Zweitens kommen Kometen als Körper des Sonnensystems in Frage, die die erforderlichen Stoffe für die Entstehung des Lebens auf die Erde gebracht haben. Kometen haben einen signifikanten Anteil an Kohlenstoff und Kohlenwasserstoff-Verbindungen, unter anderem sogar Aminosäuren, die als Bausteine des Lebens gelten. Die junge Erde wurde von zahlreichen Kometen „beschossen", insofern ist es gut denkbar, dass Kometen die Bausteine des Lebens zur Erde gebracht haben. Wir haben aber keine kometaren Proben (Meteoriten) auf der Erde, oder auch Erkenntnisse der Untersuchung von Kometen mit Raumsonden, um den Beweis endgültig führen zu können.
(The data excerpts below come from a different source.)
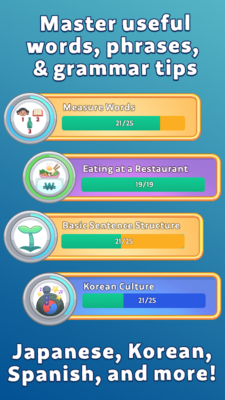 - Yemek Siparişi Vermek ve Yeni İnsanlarla Tanışmak gibi temalarla günlük yaşamla ilgili kelimeleri ve cümleleri öğrenin.
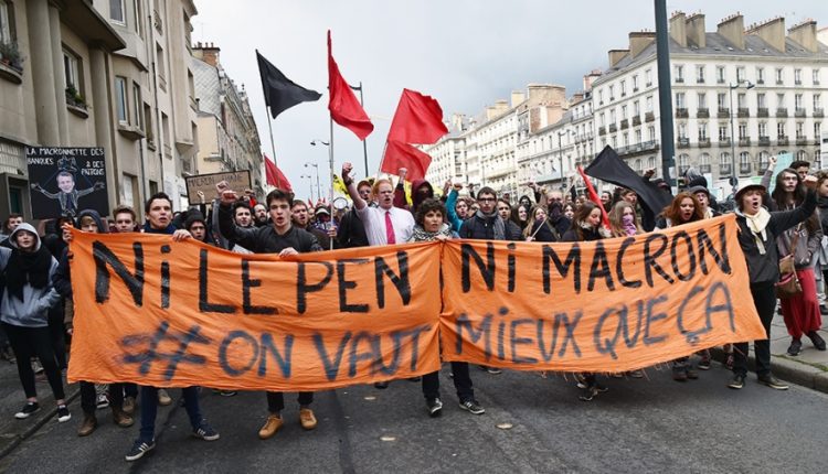 Pazar gecesi sonuçlar belli olduğunda Paris sokakları bomboştu. Macron’un halktan aldığı oy, büyük ölçüde halkın Le Pen’in aşırı sağının zafere ulaşmasını engellemek istemesinden kaynaklanıyordu. Ancak seçimlerden önceki günlerde “Ne Macron ne Le Pen” sloganıyla önemli öğrenci ve işçi seferberlikleri yaşandı.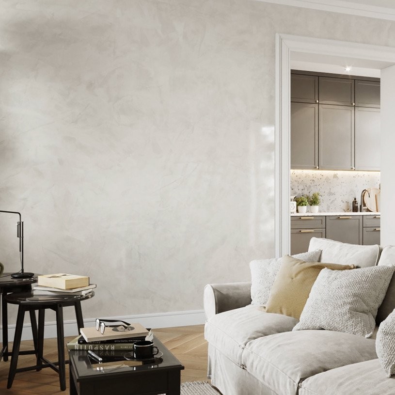 Plaster wyróżnia się unikalnym efektem polerowanego marmuru, co sprawia, że każde wnętrze nabiera luksusowego wyglądu. Jego estetyka przyciąga wzrok i dodaje elegancji, co czyni go idealnym rozwiązaniem do salonów, sypialni oraz biur.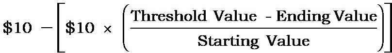 由于音符的阈值值等于起始值,因此如果结束值低于起始值,那么你将损失全部或部分投资。 |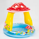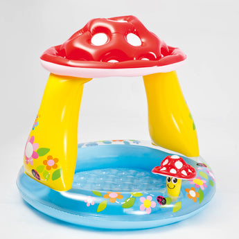 Piscina inflable de beb‚ con sombrilla en forma de champi¤on.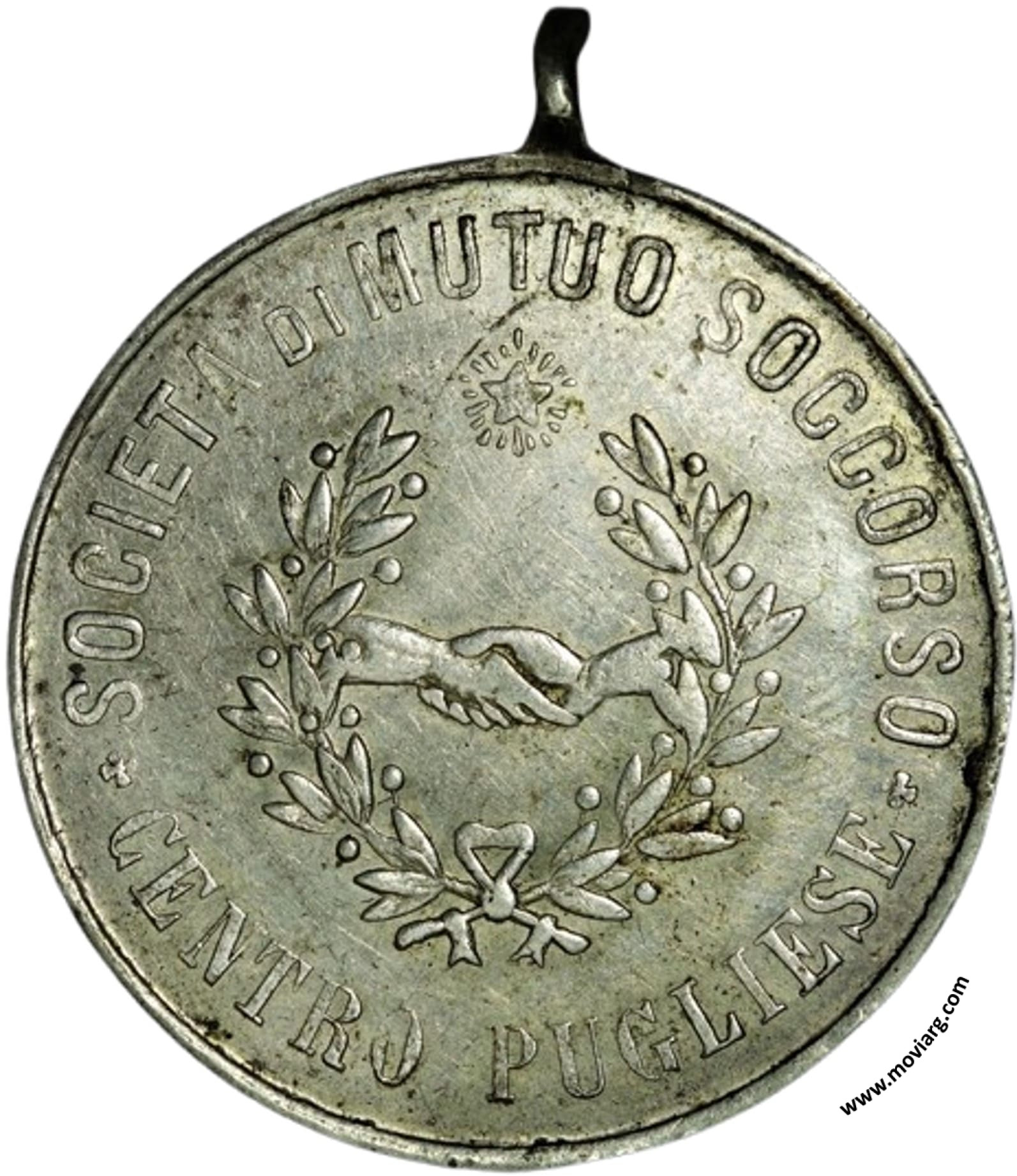 Anverso: SOCIETÁ DI MUTUO SOCCORSO / CENTRO PUGLIESE Reverso: FONDATA IL 1° NOVEMBRE / 1889 / EN LA / BOCA DEL RIACHUELO Referencia: | |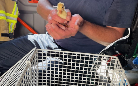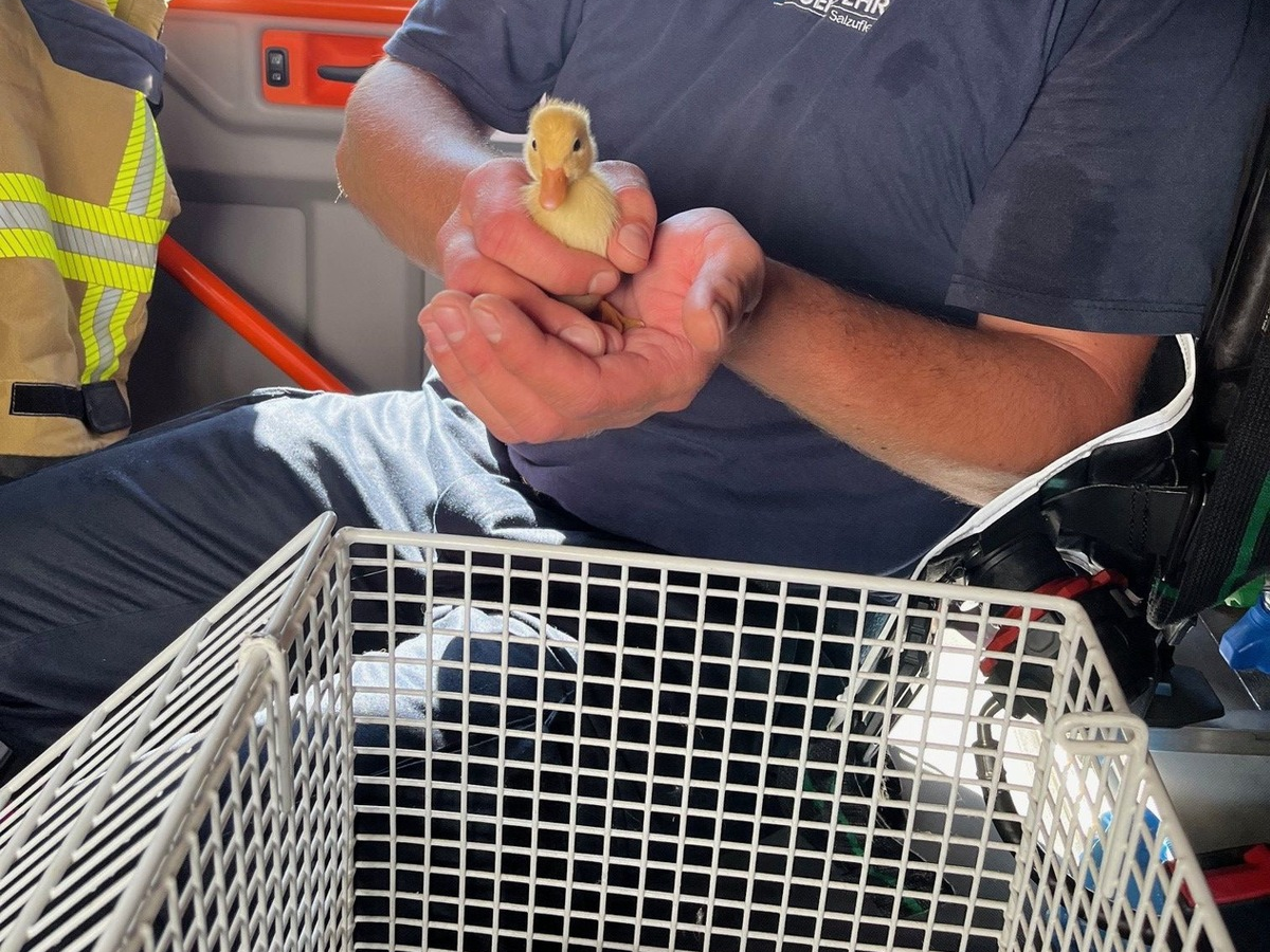 Bad Salzuflen - (dhob). Die hauptamtlichen Kräfte der Freiwilligen Feuerwehr Bad Salzuflen sind am Samstagnachmittag (11.05.2024) zu einem kuriosen Einsatz gerufen worden. Passanten hatten gegen kurz nach 16.00 Uhr an einer Brücke unweit der Millau-Promenade zwei Entenküken entdeckt. Die beiden versuchten auf der Salze schwimmend flussaufwärts hinter ihrer Mutter herzukommen. Nachdem das in mehreren Versuchen an den dortigen Wasserterrassen nicht klappte, informierten die Passanten die Rettungskräfte. Während sich zwei Feuerwehrleute auf die Suche nach dem Muttertier machten, probierte der Angriffstrupp sich den beiden Küken von der Flussseite aus zu nähern. Mit Gummistiefeln und Wathose begaben sie sich in die Salze hinein. Leider waren die Tiere zu scheu und versteckten sich im Gestrüpp hinter ein paar Ästen. Mit Hilfe eines Keschers und einem kurzen und beherzten Zugriffs konnten die Feuerwehrleute die jungen Enten eingefangen. Dadurch, dass die Suche nach der Mutterente ohne Erfolg blieb, brachten die Rettungskräfte die Tiere zu einer "Ersatzkükenmama". Nach rund 30 Minuten war der tierische Einsatz beendet. Am Ufer der Salze verfolgten einige Zuschauer das Treiben und fieberten mit den Feuerwehrleuten bis zum glücklichen Happy End mit.

Drittens wäre das für Kometen geschilderte Szenario auch für Asteroiden denkbar, insbesondere für Asteroiden vom äußeren Rand des Asteroidengürtels, dort, wo die Asteroiden zum einen höhere Wasser(eis)anteile haben und zum anderen auch Kohlenstoffe und Kohlenwasserstoff-Verbindungen mit sich führen.
Was können Wissenschaftler von Meteoriten lernen?
Meteoriten lehren uns viele Details der ganz frühen Geschichte des Sonnensystems. Das Besondere, das Schöne an Meteoriten ist: Sie kommen oder kamen zu uns, ohne ein mit vielen Hundert Millionen Euro entwickeltes Raumschiff zu einem Planeten, dem Mond, oder zu den Asteroiden entwickeln zu müssen. Aber: Die Wissenschaftler brauchen beides, da beißt die Maus keinen Faden ab.